2
votes

I have two numpy arrays a and b:

a and b are the same dimensions, a could be a different size than b.

For instance:

a = [[1,2], ..., [5,7]]
b = [ [3,8], [4,7], ... [9,15] ] 

Is there an easy way to compute the Euclidean distance between a and b such that this new array could be used in a k nearest neighbors learning algo.

Note: This is in python

4
So you want the Euclidean distance from each point in a to each point in b? Can you give a small example input and output? - aganders3

4 Answers

1
votes

If what you want is k nearest neighbors, then there are more efficient ways than computing the full distance matrix (especially with many points). Check out scipy's KDTree if you want fast k-neighbors searches.

0
votes

You can use scipy.spatial.distance.cdist like this:

from scipy.spatial import distance

a = [[1,2], ..., [5,7]]
b = [ [3,8], [4,7], ... [9,15] ] 
dist = distance.cdist(a, b, 'euclidean')

This method can be used only if a and b have small number of elements.
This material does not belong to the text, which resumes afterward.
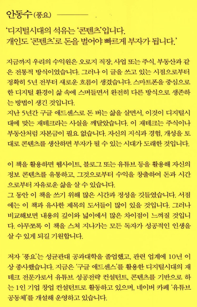 # 구글 애드센스로 돈 벌기 구글 애드센스로 돈 벌기 / 안동수(풍요로움) 저 / 아틀라스북스 출판 / 2016년 11월 15일 # 저자 소개 # 책을 읽은 이유 저는 몇 달 전 블로그를 개설한 후 틈틈히 독서 기

If there are millions of elements than its slow and requires heavy space on memory. I.e. lets say 'a' has 1 million elements and 'b' has 1000 elements. You will end up with O(m*n), where m=1000000 and b=1000.

Here you can see few methods are compared in terms of efficiency: Efficient and precise calculation of the euclidean distance

0
votes

You can use numpy. Here an example:

import numpy as np


a = np.array([3, 0])
b = np.array([0, 4])

c = np.sqrt(np.sum(((a - b) ** 2)))
# c == 5.0